Once the images are set aside, print the remaining lines below exactly.
--- Information provided Enclosed Below ---
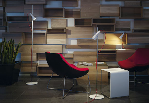 La colección incluye varios modelos de lámparas, de pie, de sobremesa o de pared, y cada uno de sus elementos están disponibles en muchos acabados; aluminio, blanco, negro… y otros más especiales como el naranja, amarillo, verde y turquesa.
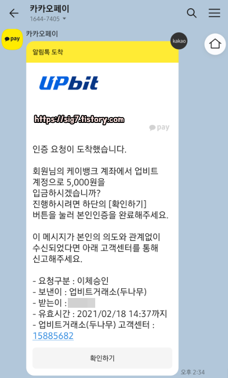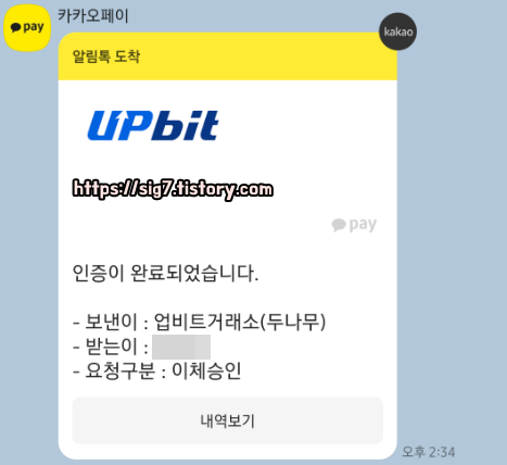모바일 카카오톡으로 가면 이렇게 업비트 알림톡이 와있을 텐데요. 여기서 아래에 보이는 '확인하기'를 눌러 카카오페이 인증(비밀번호 입력 필요)을 진행해줍니다.
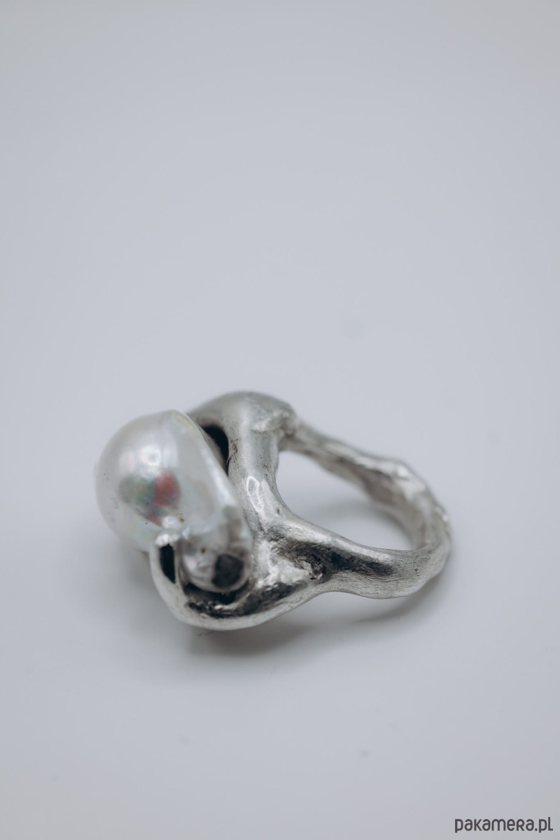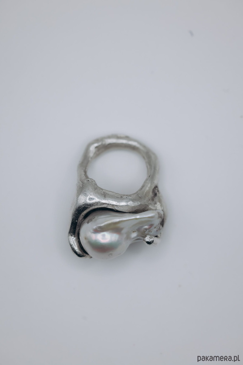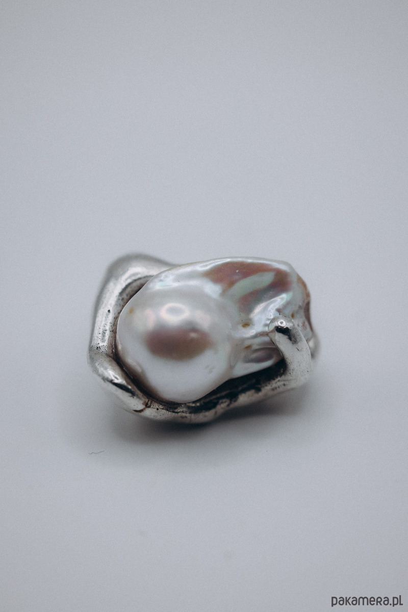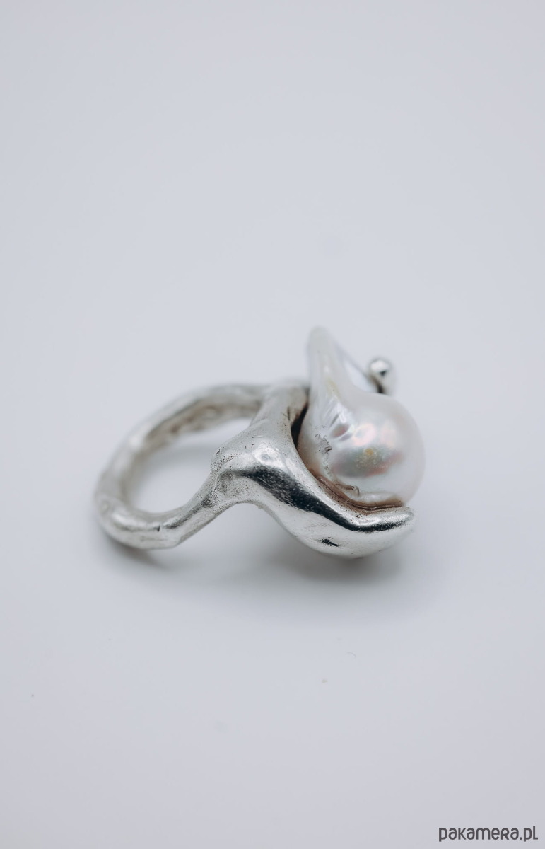 Ręcznie wykonany sygnet metodą wosku traconego. Materiał: n.srebro + perła naturalna baroque.
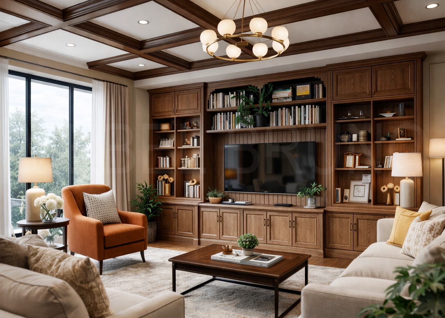 Подробное описание: ТВ-стенка-библиотека в тёплом дереве объединяет вместительное хранение и аккуратную медиа-зону. Центральная панель подчёркивает телевизор, боковые открытые секции подходят для книг и декора, а верхние антресоли добавляют объём хранения без перегруза интерьера. Нижние тумбы скрывают повседневные вещи и технику. Проект легко адаптируется под размеры стены, диагональ ТВ и нужный функционал.
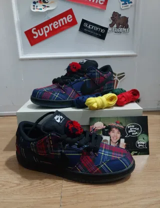 Zapatillas Nike SB Dunk Low Nardwuar con un diseño a cuadros. - Patrón a cuadros en azul y rojo. - Detalles de pompón en los cordones. - Swoosh negro en el lateral. - Enviós a toda España - factura original - Doble caja - original 100%
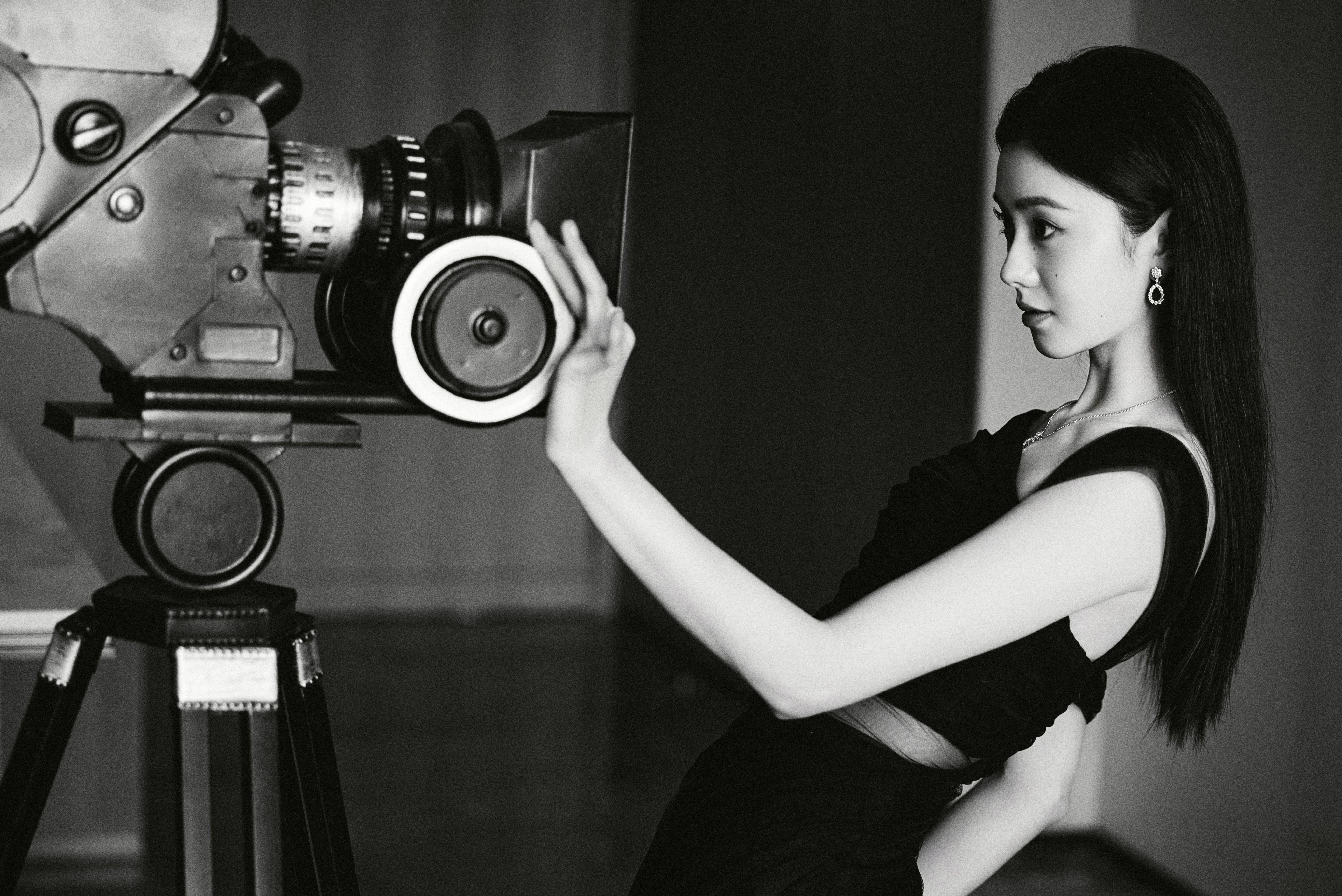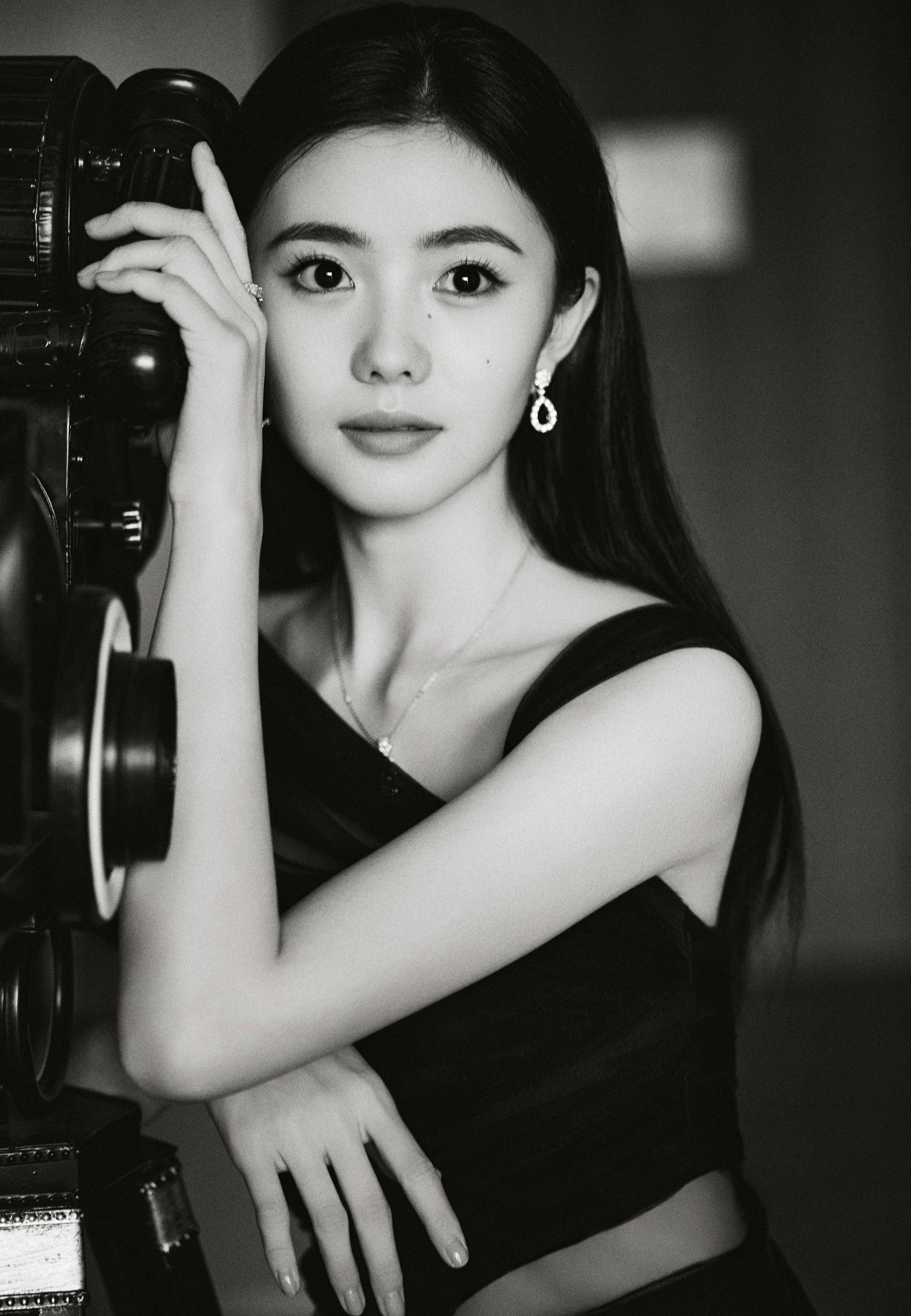 搜狐娱乐讯 近日,刘浩存的一组美照爆出,图中,刘浩存穿黑色吊带裙,靠复古摄像机,笑意轻扬,简约珠宝衬出优雅气质。
--- End of Enclosed Information provided ---
## The completed task:
 La colección incluye varios modelos de lámparas, de pie, de sobremesa o de pared, y cada uno de sus elementos están disponibles en muchos acabados; aluminio, blanco, negro… y otros más especiales como el naranja, amarillo, verde y turquesa.
모바일 카카오톡으로 가면 이렇게 업비트 알림톡이 와있을 텐데요. 여기서 아래에 보이는 '확인하기'를 눌러 카카오페이 인증(비밀번호 입력 필요)을 진행해줍니다.
 Ręcznie wykonany sygnet metodą wosku traconego. Materiał: n.srebro + perła naturalna baroque.
 Подробное описание: ТВ-стенка-библиотека в тёплом дереве объединяет вместительное хранение и аккуратную медиа-зону. Центральная панель подчёркивает телевизор, боковые открытые секции подходят для книг и декора, а верхние антресоли добавляют объём хранения без перегруза интерьера. Нижние тумбы скрывают повседневные вещи и технику. Проект легко адаптируется под размеры стены, диагональ ТВ и нужный функционал.
 Zapatillas Nike SB Dunk Low Nardwuar con un diseño a cuadros. - Patrón a cuadros en azul y rojo. - Detalles de pompón en los cordones. - Swoosh negro en el lateral. - Enviós a toda España - factura original - Doble caja - original 100%
 搜狐娱乐讯 近日,刘浩存的一组美照爆出,图中,刘浩存穿黑色吊带裙,靠复古摄像机,笑意轻扬,简约珠宝衬出优雅气质。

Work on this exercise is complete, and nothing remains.